++++ Entries supplied
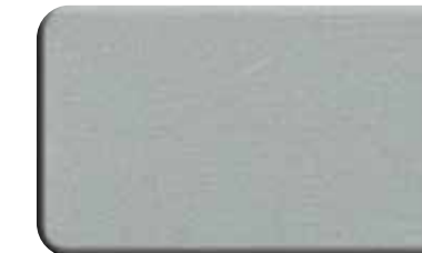
9007 Dark Grey Metallic
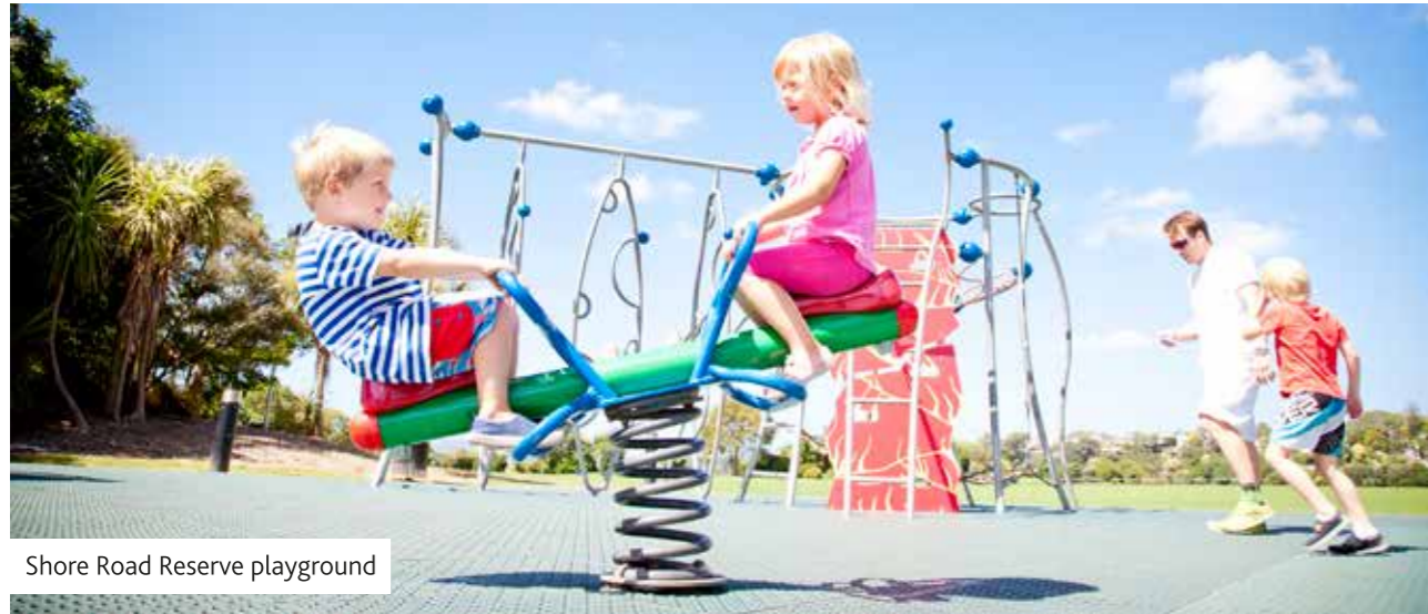
Shore Road Reserve playground

Ōrākei Basin walkway – stage 1 and 2 New Shore Road Reserve playground
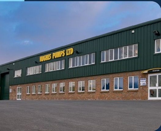
New Hughes Pumps factory constructed in 2004

The chart above shows extreme pressure/flow combinations with smallest & largest plungers fitted. All pumps have a range of plunger sizes.
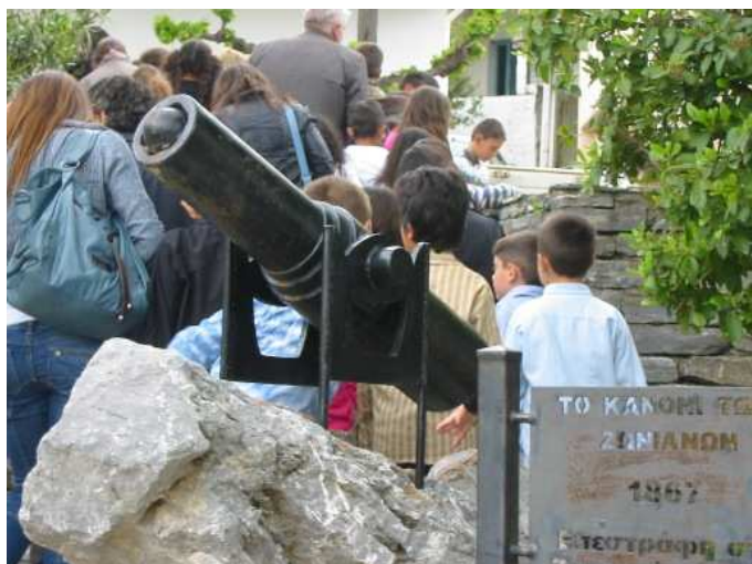
The Turkish cannon; in Zoniana since 144 years
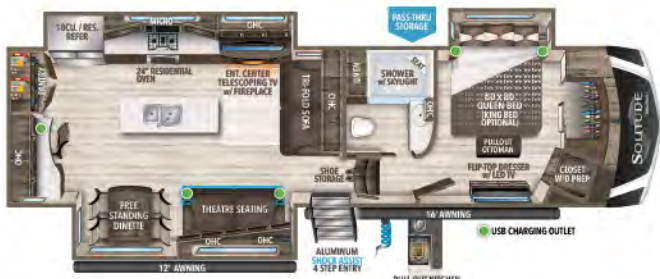
345GK UYW 1 HITCH 1 GVWR LENGTH 1 HEIGHT CAPACITY 345GK-R 13,320 2,604 16,800 37' 2" 13' 5" 93 100 50
++++++++
- Work task
Find and copy every line in the entries above where the string "Reserve" occurs.

- Your solution
Shore Road Reserve playground
Ōrākei Basin walkway – stage 1 and 2 New Shore Road Reserve playground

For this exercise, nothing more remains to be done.